In the end, Mrs. Thorn pretended they all still had their heads firmly attached to their necks. David was told to write his account immediately. He casually asked to be allowed to return home to change. Permission was granted, but they wanted him back within an hour or so, and expected a version by morning.
It was midnight when he walked out of the Newstime building for the last time. The radio cab was waiting. He took his carry-on luggage into the back seat and leaned on it while they drove down Fifth Avenue. He half-expected the city to look different, since he and his life had been so completely changed by the last two days. He wanted something in the architecture of New York to reflect the altered inner landscape of his mind.
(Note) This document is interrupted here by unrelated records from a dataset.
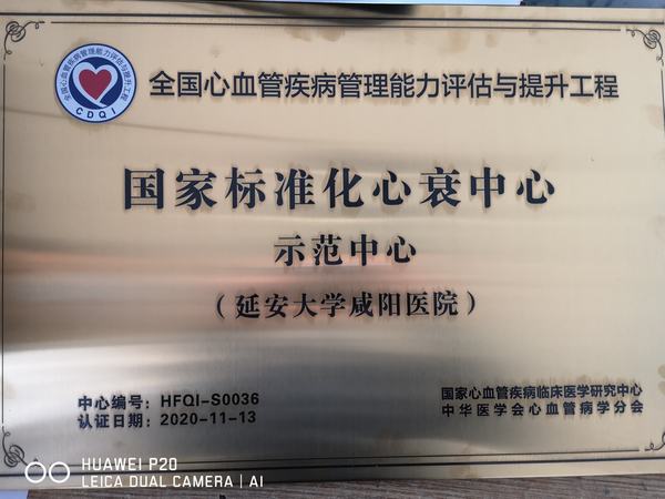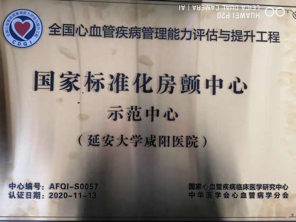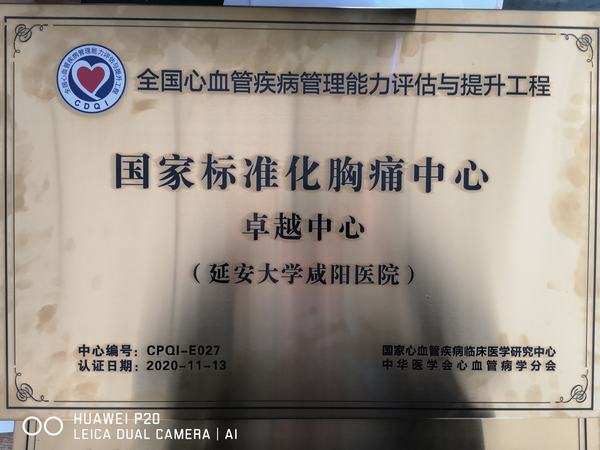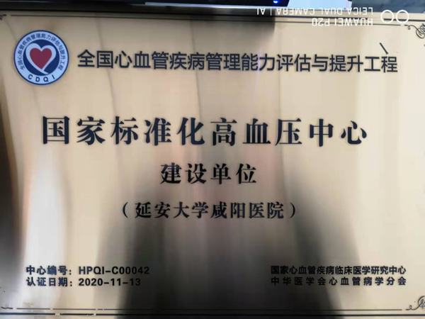 在2020年11月13日舉辦的長安國際心血管論壇“國家標準化心血管專病中心建設CDQI陜西區域啟動會”上,延安大學咸陽醫院心血管內科榮獲國家標準化胸痛中心卓越中心、心衰中心示范中心、房顫中心示范中心、高血壓中心建設單位四項國家級殊榮。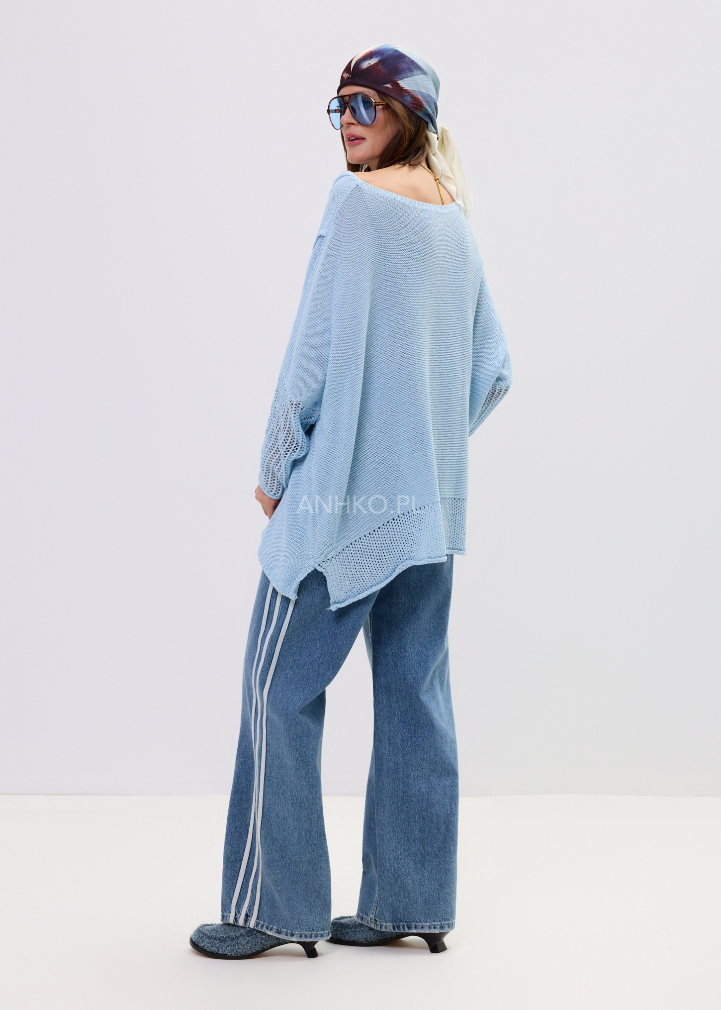 Ten sweter krótki w odcieniu jasnego błękitu zachwyca lekkością i swobodnym fasonem, który miękko układa się na sylwetce. Luźny krój oversize zapewnia komfort noszenia, a szeroki dekolt subtelnie podkreśla linię ramion, tworząc naturalny, niewymuszony look. Model świetnie sprawdzi się w stylizacjach warstwowych – zarówno z dopasowanymi spodniami, jak i z lekką spódnicą.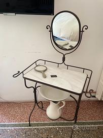 Lavatoio in ferro e marmo completo di bacinella e brocca, bellissimo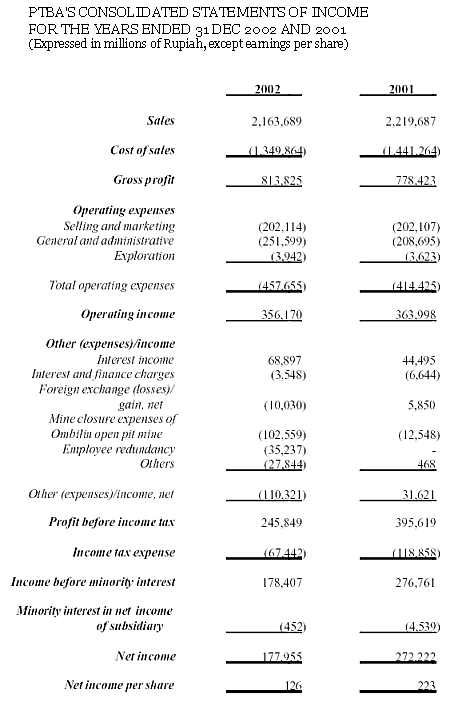 JSX-listed State coal miner PT Tambang Batubara Bukit Asam (PTBA) booked 2002 net income of Rp. 177.955 billion (US$ = Rp.8,900) or Rp.126 per share, lower than 2001 net profit of 272.222 billion or Rp.223 in the previous year.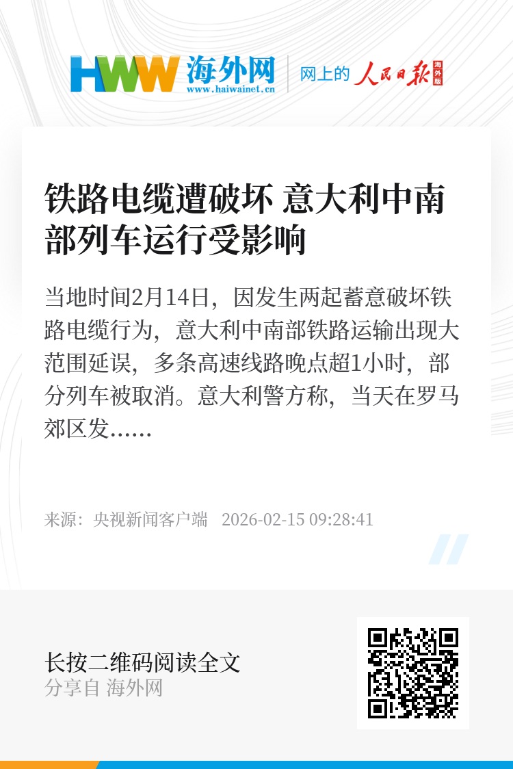 当地时间2月14日,因发生两起蓄意破坏铁路电缆行为,意大利中南部铁路运输出现大范围延误,多条高速线路晚点超1小时,部分列车被取消。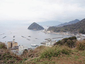■13:29 駿河湾と戸田港の街並。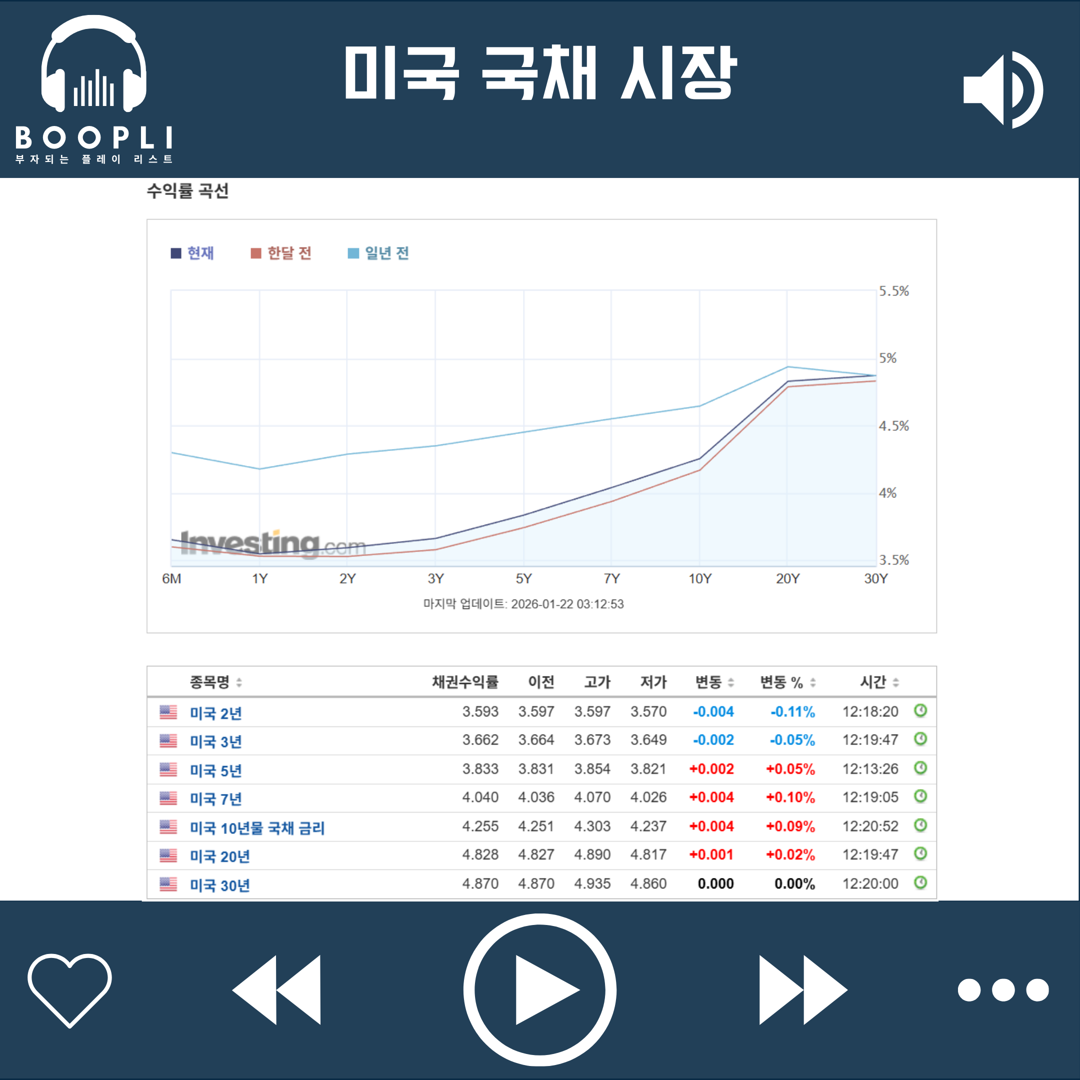 미국 국채는 트럼프 대통령의 그린란드 관련 관세 위협 철회와 20년물 국채 입찰 호조 속에 장기 금리는 하락, 단기 금리는 보합권

But, he realized, what made the town so majestic was its indifference. They passed a laughing couple on a corner, the sounds of their joy swallowed by the building’s hollows. A rag-covered woman moved, head bowed, under the public library’s lions — an ant crawling up an impossible stairway, liable to be stepped on by the giants who surely must inhabit such a building. Everywhere the stacks of lighted boxes suggested countless lives, at rest or restless, unaware of their insignificance.
Once he had looked at the city as a sight to conquer. He rode home from the magazine feeling the power and influence that surrounded him, certain his fate would be to move these people, to tell them what to think, what to do. Behind the mask of objectivity had lurked the even darker face of power. What a silly youthful dream. It could never have happened, it hadn’t been a dream that was coming true — he was simply another doll living in these endless rows of dollhouses. Toys for giants he neither knew nor understood.
He wondered how long it would be before Patty would tell about the things she had found. At first she’d swear to keep it to herself — probably to spare herself the embarrassment. But when she got another lover, that fear would dissipate, and it would join the repertoire, another story of another crazy lover from her past. She’d use it, if not in her next novel, then in the one after.